-------- MATERIAL PROVIDED
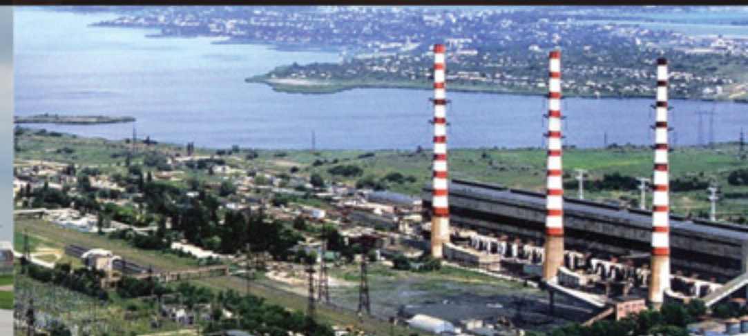
ЗАО «Молдавская ГРЭС»

Сетчатые, листовые перфорированные и неперфорированные лотки
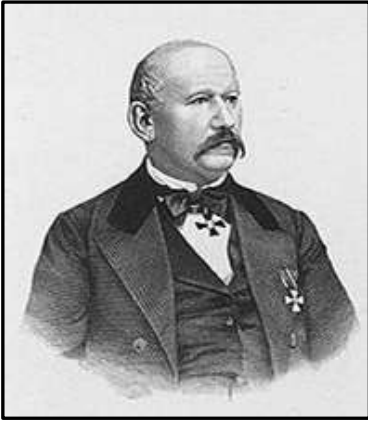
Олекса Петрович Стороженко

епізодів його життя, сумнівні твердження і навіть помилки. Поява помилок часто обумовлена хибним трактуванням відомих фактів та некритичним використанням відомостей, які спочатку подавалися окремими біографами лише як припущення, а в подальших публікаціях уже стали наводитись як доведені факти.
----------------
Without the pictures, write out the whole listing above exactly as it appears.

ЗАО «Молдавская ГРЭС»

Сетчатые, листовые перфорированные и неперфорированные лотки
Олекса Петрович Стороженко

епізодів його життя, сумнівні твердження і навіть помилки. Поява помилок часто обумовлена хибним трактуванням відомих фактів та некритичним використанням відомостей, які спочатку подавалися окремими біографами лише як припущення, а в подальших публікаціях уже стали наводитись як доведені факти.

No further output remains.